● YOUR GOAL
Your output must be the lines below from the line containing "What’s more, the" to the line containing "Adres URL strony", both lines included, reproduced exactly and without pictures.

● DATA FOR THIS EXERCISE
↓↓↓
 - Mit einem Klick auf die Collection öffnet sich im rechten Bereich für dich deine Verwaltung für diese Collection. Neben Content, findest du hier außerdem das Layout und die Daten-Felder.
↑↑↑
↓↓↓
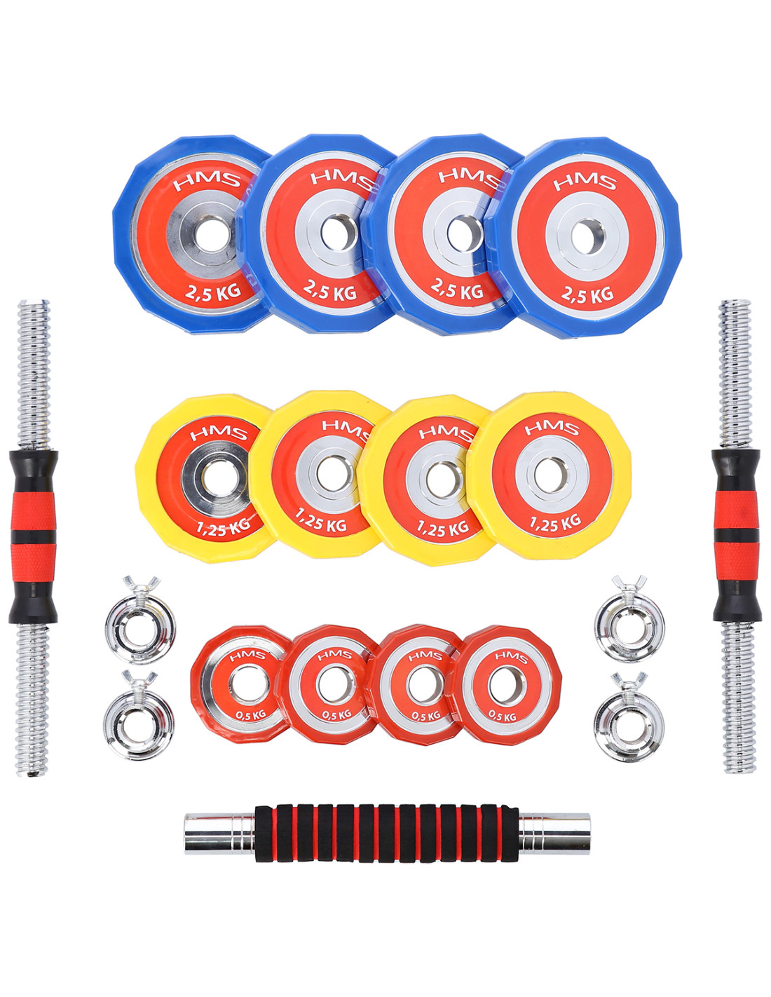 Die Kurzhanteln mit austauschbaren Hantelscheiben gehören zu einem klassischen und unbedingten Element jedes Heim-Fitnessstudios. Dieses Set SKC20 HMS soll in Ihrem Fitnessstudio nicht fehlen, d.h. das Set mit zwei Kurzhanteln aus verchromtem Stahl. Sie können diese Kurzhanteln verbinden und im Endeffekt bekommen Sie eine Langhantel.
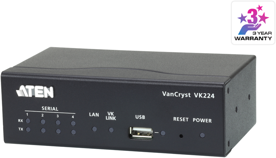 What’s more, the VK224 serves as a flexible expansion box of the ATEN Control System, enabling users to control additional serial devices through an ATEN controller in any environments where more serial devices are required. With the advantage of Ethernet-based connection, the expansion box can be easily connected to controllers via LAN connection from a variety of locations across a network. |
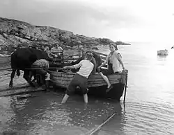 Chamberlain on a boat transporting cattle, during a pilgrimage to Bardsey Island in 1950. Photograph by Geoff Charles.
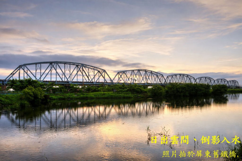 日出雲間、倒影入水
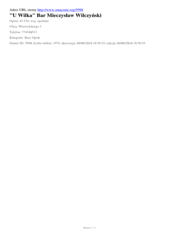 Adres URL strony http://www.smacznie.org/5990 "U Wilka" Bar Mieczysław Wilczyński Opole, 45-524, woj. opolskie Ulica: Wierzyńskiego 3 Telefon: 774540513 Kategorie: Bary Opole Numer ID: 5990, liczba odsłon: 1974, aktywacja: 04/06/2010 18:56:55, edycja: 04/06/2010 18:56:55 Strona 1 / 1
↑↑↑
↓↓↓
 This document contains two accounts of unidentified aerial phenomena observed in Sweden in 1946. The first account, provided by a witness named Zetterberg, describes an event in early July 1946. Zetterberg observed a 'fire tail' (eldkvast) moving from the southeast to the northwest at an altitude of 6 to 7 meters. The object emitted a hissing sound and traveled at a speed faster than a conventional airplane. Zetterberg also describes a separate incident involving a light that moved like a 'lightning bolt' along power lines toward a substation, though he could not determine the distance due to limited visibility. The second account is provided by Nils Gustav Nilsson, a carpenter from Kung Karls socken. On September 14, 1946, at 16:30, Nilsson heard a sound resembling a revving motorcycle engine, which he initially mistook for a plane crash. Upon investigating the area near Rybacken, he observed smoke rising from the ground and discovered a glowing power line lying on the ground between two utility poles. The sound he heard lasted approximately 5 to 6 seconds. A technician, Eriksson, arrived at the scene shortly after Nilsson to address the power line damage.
↑↑↑
● COMPLETED EXERCISE
 What’s more, the VK224 serves as a flexible expansion box of the ATEN Control System, enabling users to control additional serial devices through an ATEN controller in any environments where more serial devices are required. With the advantage of Ethernet-based connection, the expansion box can be easily connected to controllers via LAN connection from a variety of locations across a network. |
 Chamberlain on a boat transporting cattle, during a pilgrimage to Bardsey Island in 1950. Photograph by Geoff Charles.
 日出雲間、倒影入水
 Adres URL strony http://www.smacznie.org/5990 "U Wilka" Bar Mieczysław Wilczyński Opole, 45-524, woj. opolskie Ulica: Wierzyńskiego 3 Telefon: 774540513 Kategorie: Bary Opole Numer ID: 5990, liczba odsłon: 1974, aktywacja: 04/06/2010 18:56:55, edycja: 04/06/2010 18:56:55 Strona 1 / 1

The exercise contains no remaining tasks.